Records excerpted from a collection:
━━━━━━━━━━━━━━━━━━━━

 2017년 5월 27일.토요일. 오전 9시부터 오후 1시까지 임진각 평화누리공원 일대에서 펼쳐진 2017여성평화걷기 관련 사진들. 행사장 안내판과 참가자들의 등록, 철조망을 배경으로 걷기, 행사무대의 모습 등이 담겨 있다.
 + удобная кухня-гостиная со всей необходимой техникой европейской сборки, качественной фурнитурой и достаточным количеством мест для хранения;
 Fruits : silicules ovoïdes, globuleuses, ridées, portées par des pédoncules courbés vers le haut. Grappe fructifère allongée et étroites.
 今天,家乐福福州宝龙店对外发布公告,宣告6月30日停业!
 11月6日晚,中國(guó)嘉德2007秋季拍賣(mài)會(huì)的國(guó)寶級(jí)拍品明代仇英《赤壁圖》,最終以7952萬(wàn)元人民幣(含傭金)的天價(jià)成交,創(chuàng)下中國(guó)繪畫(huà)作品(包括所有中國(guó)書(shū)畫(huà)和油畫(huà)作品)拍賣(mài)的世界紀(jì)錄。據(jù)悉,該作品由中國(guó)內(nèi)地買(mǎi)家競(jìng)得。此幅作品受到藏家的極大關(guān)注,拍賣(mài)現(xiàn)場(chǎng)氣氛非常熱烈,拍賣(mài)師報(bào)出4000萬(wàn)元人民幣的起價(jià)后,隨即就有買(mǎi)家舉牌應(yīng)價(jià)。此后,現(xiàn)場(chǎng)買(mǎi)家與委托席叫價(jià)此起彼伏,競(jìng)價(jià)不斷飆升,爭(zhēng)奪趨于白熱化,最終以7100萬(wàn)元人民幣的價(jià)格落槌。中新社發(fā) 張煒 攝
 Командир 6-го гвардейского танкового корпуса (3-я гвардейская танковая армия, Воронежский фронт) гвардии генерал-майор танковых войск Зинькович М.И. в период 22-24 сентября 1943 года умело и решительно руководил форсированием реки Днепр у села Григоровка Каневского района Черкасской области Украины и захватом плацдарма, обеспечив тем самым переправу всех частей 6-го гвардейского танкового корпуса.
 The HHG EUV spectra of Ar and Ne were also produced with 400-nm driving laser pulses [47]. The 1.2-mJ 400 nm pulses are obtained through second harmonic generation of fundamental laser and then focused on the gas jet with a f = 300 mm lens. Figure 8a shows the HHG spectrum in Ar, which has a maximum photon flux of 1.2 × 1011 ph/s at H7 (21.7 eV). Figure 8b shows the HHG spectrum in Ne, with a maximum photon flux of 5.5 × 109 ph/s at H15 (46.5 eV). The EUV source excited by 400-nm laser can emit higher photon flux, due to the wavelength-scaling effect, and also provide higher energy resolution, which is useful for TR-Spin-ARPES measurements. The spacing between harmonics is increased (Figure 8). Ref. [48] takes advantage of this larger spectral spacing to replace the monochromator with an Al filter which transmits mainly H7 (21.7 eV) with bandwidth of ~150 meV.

━━━━━━━━━━━━━━━━━━━━

#### Assignment:
Repeat the records above exactly, with nothing left out.

#### Output for this task:
 2017년 5월 27일.토요일. 오전 9시부터 오후 1시까지 임진각 평화누리공원 일대에서 펼쳐진 2017여성평화걷기 관련 사진들. 행사장 안내판과 참가자들의 등록, 철조망을 배경으로 걷기, 행사무대의 모습 등이 담겨 있다.
 + удобная кухня-гостиная со всей необходимой техникой европейской сборки, качественной фурнитурой и достаточным количеством мест для хранения;
 Fruits : silicules ovoïdes, globuleuses, ridées, portées par des pédoncules courbés vers le haut. Grappe fructifère allongée et étroites.
 今天,家乐福福州宝龙店对外发布公告,宣告6月30日停业!
 11月6日晚,中國(guó)嘉德2007秋季拍賣(mài)會(huì)的國(guó)寶級(jí)拍品明代仇英《赤壁圖》,最終以7952萬(wàn)元人民幣(含傭金)的天價(jià)成交,創(chuàng)下中國(guó)繪畫(huà)作品(包括所有中國(guó)書(shū)畫(huà)和油畫(huà)作品)拍賣(mài)的世界紀(jì)錄。據(jù)悉,該作品由中國(guó)內(nèi)地買(mǎi)家競(jìng)得。此幅作品受到藏家的極大關(guān)注,拍賣(mài)現(xiàn)場(chǎng)氣氛非常熱烈,拍賣(mài)師報(bào)出4000萬(wàn)元人民幣的起價(jià)后,隨即就有買(mǎi)家舉牌應(yīng)價(jià)。此后,現(xiàn)場(chǎng)買(mǎi)家與委托席叫價(jià)此起彼伏,競(jìng)價(jià)不斷飆升,爭(zhēng)奪趨于白熱化,最終以7100萬(wàn)元人民幣的價(jià)格落槌。中新社發(fā) 張煒 攝
 Командир 6-го гвардейского танкового корпуса (3-я гвардейская танковая армия, Воронежский фронт) гвардии генерал-майор танковых войск Зинькович М.И. в период 22-24 сентября 1943 года умело и решительно руководил форсированием реки Днепр у села Григоровка Каневского района Черкасской области Украины и захватом плацдарма, обеспечив тем самым переправу всех частей 6-го гвардейского танкового корпуса.
 The HHG EUV spectra of Ar and Ne were also produced with 400-nm driving laser pulses [47]. The 1.2-mJ 400 nm pulses are obtained through second harmonic generation of fundamental laser and then focused on the gas jet with a f = 300 mm lens. Figure 8a shows the HHG spectrum in Ar, which has a maximum photon flux of 1.2 × 1011 ph/s at H7 (21.7 eV). Figure 8b shows the HHG spectrum in Ne, with a maximum photon flux of 5.5 × 109 ph/s at H15 (46.5 eV). The EUV source excited by 400-nm laser can emit higher photon flux, due to the wavelength-scaling effect, and also provide higher energy resolution, which is useful for TR-Spin-ARPES measurements. The spacing between harmonics is increased (Figure 8). Ref. [48] takes advantage of this larger spectral spacing to replace the monochromator with an Al filter which transmits mainly H7 (21.7 eV) with bandwidth of ~150 meV.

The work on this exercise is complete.